The UN refugee agency expressed its regret on Monday over a decision by the Uzbek government to give UNHCR one month to end its more than decade-long presence in the Central Asian country.
UNHCR was informed of the decision by a Uzbek Foreign Ministry communique on March 17, which requested the agency to close its office in Tashkent within one month, said UNHCR's Assistant High Commissioner for Protection Erika Feller in a press release.
Feller said UNHCR would abide by the Uzbek government's order and would seek to make alternative arrangements to meet ongoing needs of the some 2,000 mainly Afghan refugees and asylum seekers in Uzbekistan.
"We are fully satisfied that our work in Uzbekistan has been performed in accordance with the mandate given to us by the UN General Assembly to protect and find solutions for refugees," he said.

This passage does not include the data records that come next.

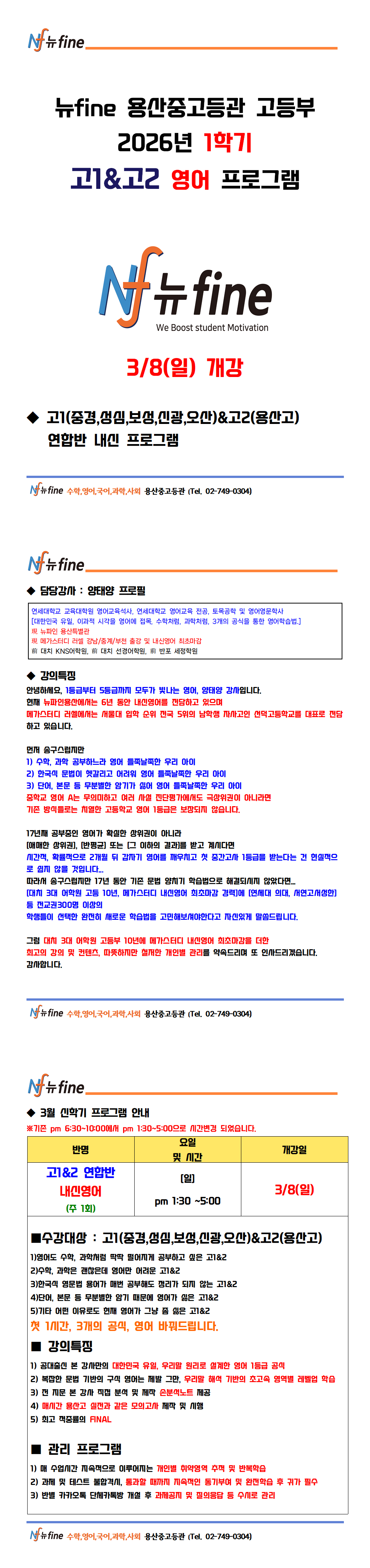 뉴파인학원(이하 ‘학원’)은 개인정보 보호법에 명기된 관련 법률 상의 개인정보처리자가 준수하여야 할 개인정보보호 규정을 준수하며, 관련 법령에 의거하여 이용자의 권익 보호에 최선을 다하고 있습니다. 아래 내용을 충분히 숙지하신 후 본인이 직접 동의란에 서명해 주시기 바랍니다.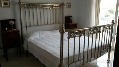 Letto matrimoniale primi Novecento in ottone cromato, con decori e disegni, completo di rete e materasso in ottimo stato. Smontaggio, ritiro e trasporto a carico del destinatario.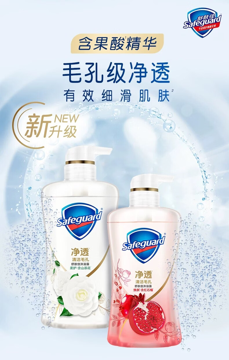 舒肤佳沐浴露红石榴山茶花清洁香含果酸净透持久留香男女士通用实惠570g 红石榴570g+山茶花570g*2瓶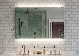 The Clara backlit mirror has lighting that encompasses the entire fixture for great room lighting.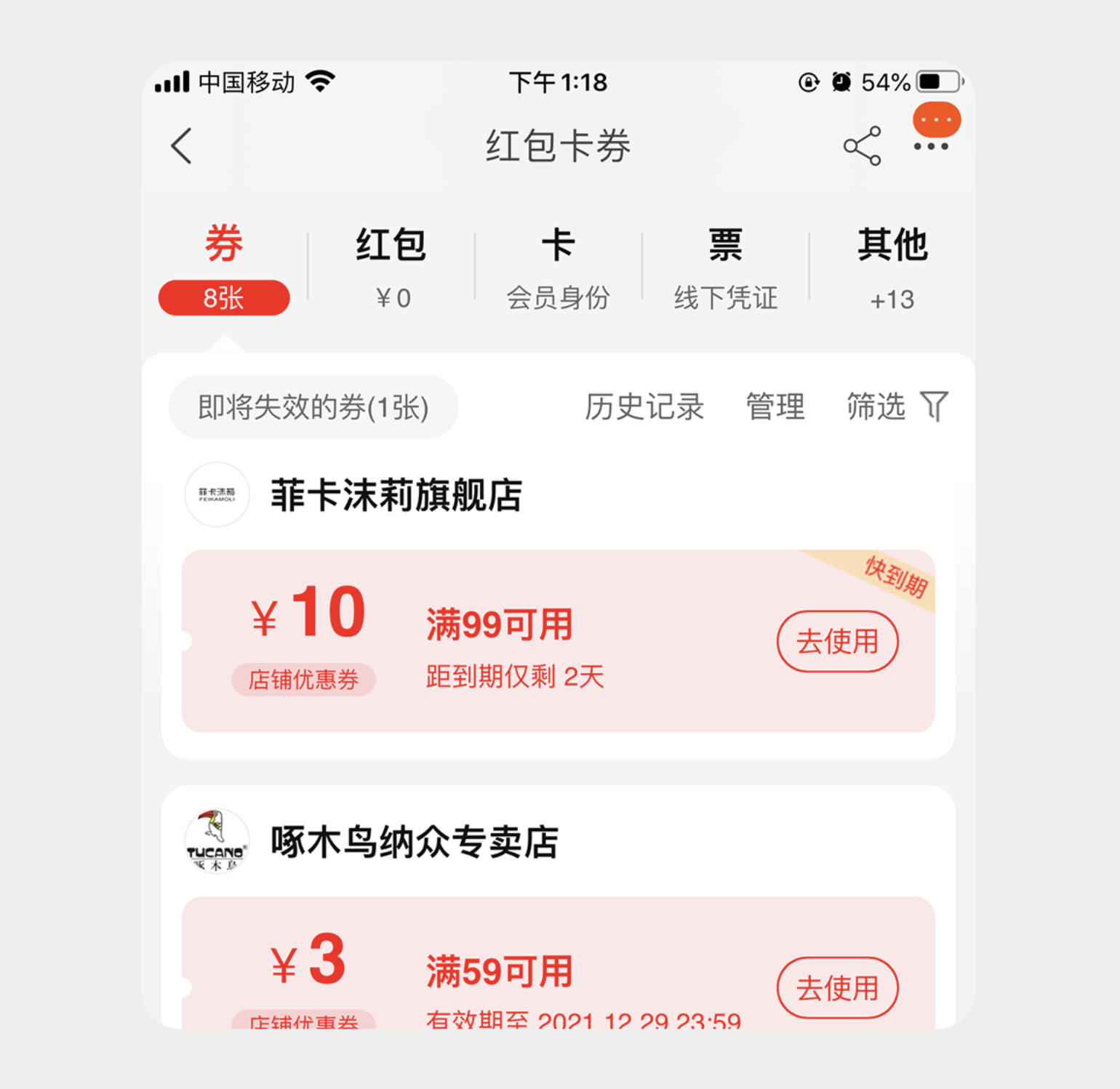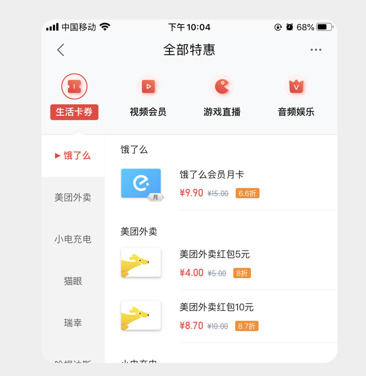 采用標題與副標題上下布局的形式,副標題精煉提煉核心信息或解釋標題含義,通過顏色變化區(qū)分選中與未選中狀態(tài)。像中國移動的紅包卡券頁面,標簽頁用 “券”“紅包”“卡” 作為標題,搭配簡潔副標題補充說明,用戶無需點擊就能快速了解各標簽下的內(nèi)容,提升操作效率;基金產(chǎn)品的 “一筆投”“定投” 標簽頁,也通過副標題點明 “便捷”“穩(wěn)健” 的核心差異,幫助用戶快速做選擇。

"The basic principles of refugee protection will continue to guide all of our activities on behalf of refugees wherever we operate, even when this might have negative consequences on our relations with a state," he added.
Following the Andijan incident in Uzbekistan in May 2005, UNHCR carried out a humanitarian evacuation to Romania of 439 Uzbek refugees who had fled to neighboring Kyrgyzstan.
The Uzbek government accused the UN agency of protecting criminals and terrorists by opposing deportations of Uzbek asylum seekers from Kyrgyzstan, media reports said.
The UN refugee agency opened its office in Uzbekistan in 1993 to support its operations during the 1992-93 civil war in Tajikistan and in northern Afghanistan.
Its work in Uzbekistan currently focuses on the voluntary repatriation and resettlement of some 2,000 refugees mainly from Afghanistan.